▶ **Task goal**
Below is a listing to transcribe in full and exactly; keep the pictures out.

BEGIN Supplied material

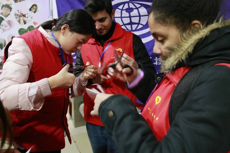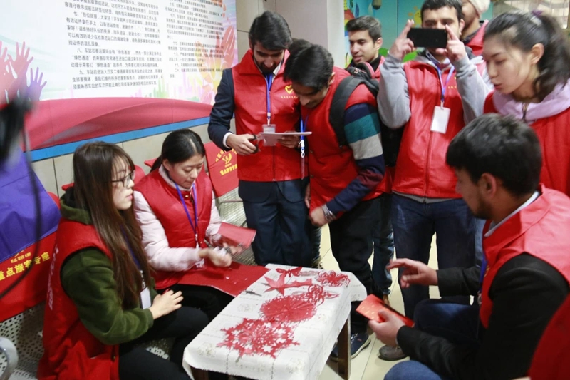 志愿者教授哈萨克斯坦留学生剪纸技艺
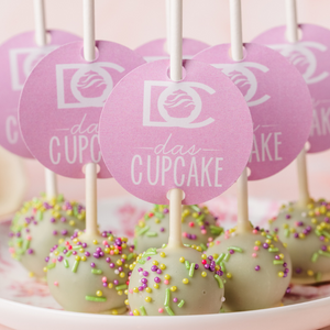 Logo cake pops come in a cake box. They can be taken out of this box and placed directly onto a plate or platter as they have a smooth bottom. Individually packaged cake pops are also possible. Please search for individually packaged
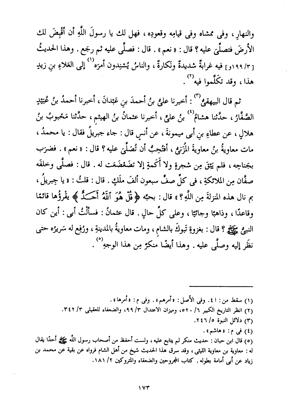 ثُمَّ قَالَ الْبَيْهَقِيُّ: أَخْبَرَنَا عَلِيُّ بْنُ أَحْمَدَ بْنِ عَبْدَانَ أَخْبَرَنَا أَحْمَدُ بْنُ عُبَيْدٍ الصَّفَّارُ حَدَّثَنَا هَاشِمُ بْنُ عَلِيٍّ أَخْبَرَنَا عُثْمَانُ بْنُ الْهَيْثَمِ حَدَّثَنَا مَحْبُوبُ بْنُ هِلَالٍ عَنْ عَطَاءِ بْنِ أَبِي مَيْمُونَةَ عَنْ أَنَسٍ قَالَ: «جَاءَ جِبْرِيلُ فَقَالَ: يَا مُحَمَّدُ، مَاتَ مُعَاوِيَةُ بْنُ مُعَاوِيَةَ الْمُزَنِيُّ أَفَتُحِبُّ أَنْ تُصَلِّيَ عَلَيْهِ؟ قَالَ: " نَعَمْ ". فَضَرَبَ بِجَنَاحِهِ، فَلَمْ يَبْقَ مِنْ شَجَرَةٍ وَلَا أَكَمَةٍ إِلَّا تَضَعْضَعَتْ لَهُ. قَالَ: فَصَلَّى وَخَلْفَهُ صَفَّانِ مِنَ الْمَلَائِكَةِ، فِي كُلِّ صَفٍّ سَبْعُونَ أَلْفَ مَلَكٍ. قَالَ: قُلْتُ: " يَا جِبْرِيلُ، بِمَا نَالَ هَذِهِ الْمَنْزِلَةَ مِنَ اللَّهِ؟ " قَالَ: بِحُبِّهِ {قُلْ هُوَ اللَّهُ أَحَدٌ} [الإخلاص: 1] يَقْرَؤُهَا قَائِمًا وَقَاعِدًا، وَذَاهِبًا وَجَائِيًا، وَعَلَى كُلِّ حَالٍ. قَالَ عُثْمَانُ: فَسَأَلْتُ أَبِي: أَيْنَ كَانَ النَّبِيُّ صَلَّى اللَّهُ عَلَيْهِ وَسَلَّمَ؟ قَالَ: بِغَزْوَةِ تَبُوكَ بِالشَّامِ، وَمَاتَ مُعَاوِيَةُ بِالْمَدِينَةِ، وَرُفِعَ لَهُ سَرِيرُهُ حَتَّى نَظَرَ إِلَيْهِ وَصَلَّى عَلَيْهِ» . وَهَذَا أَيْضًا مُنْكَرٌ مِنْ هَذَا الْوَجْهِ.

END Supplied material

▶ **Exercise output**
 志愿者教授哈萨克斯坦留学生剪纸技艺
 Logo cake pops come in a cake box. They can be taken out of this box and placed directly onto a plate or platter as they have a smooth bottom. Individually packaged cake pops are also possible. Please search for individually packaged
 ثُمَّ قَالَ الْبَيْهَقِيُّ: أَخْبَرَنَا عَلِيُّ بْنُ أَحْمَدَ بْنِ عَبْدَانَ أَخْبَرَنَا أَحْمَدُ بْنُ عُبَيْدٍ الصَّفَّارُ حَدَّثَنَا هَاشِمُ بْنُ عَلِيٍّ أَخْبَرَنَا عُثْمَانُ بْنُ الْهَيْثَمِ حَدَّثَنَا مَحْبُوبُ بْنُ هِلَالٍ عَنْ عَطَاءِ بْنِ أَبِي مَيْمُونَةَ عَنْ أَنَسٍ قَالَ: «جَاءَ جِبْرِيلُ فَقَالَ: يَا مُحَمَّدُ، مَاتَ مُعَاوِيَةُ بْنُ مُعَاوِيَةَ الْمُزَنِيُّ أَفَتُحِبُّ أَنْ تُصَلِّيَ عَلَيْهِ؟ قَالَ: " نَعَمْ ". فَضَرَبَ بِجَنَاحِهِ، فَلَمْ يَبْقَ مِنْ شَجَرَةٍ وَلَا أَكَمَةٍ إِلَّا تَضَعْضَعَتْ لَهُ. قَالَ: فَصَلَّى وَخَلْفَهُ صَفَّانِ مِنَ الْمَلَائِكَةِ، فِي كُلِّ صَفٍّ سَبْعُونَ أَلْفَ مَلَكٍ. قَالَ: قُلْتُ: " يَا جِبْرِيلُ، بِمَا نَالَ هَذِهِ الْمَنْزِلَةَ مِنَ اللَّهِ؟ " قَالَ: بِحُبِّهِ {قُلْ هُوَ اللَّهُ أَحَدٌ} [الإخلاص: 1] يَقْرَؤُهَا قَائِمًا وَقَاعِدًا، وَذَاهِبًا وَجَائِيًا، وَعَلَى كُلِّ حَالٍ. قَالَ عُثْمَانُ: فَسَأَلْتُ أَبِي: أَيْنَ كَانَ النَّبِيُّ صَلَّى اللَّهُ عَلَيْهِ وَسَلَّمَ؟ قَالَ: بِغَزْوَةِ تَبُوكَ بِالشَّامِ، وَمَاتَ مُعَاوِيَةُ بِالْمَدِينَةِ، وَرُفِعَ لَهُ سَرِيرُهُ حَتَّى نَظَرَ إِلَيْهِ وَصَلَّى عَلَيْهِ» . وَهَذَا أَيْضًا مُنْكَرٌ مِنْ هَذَا الْوَجْهِ.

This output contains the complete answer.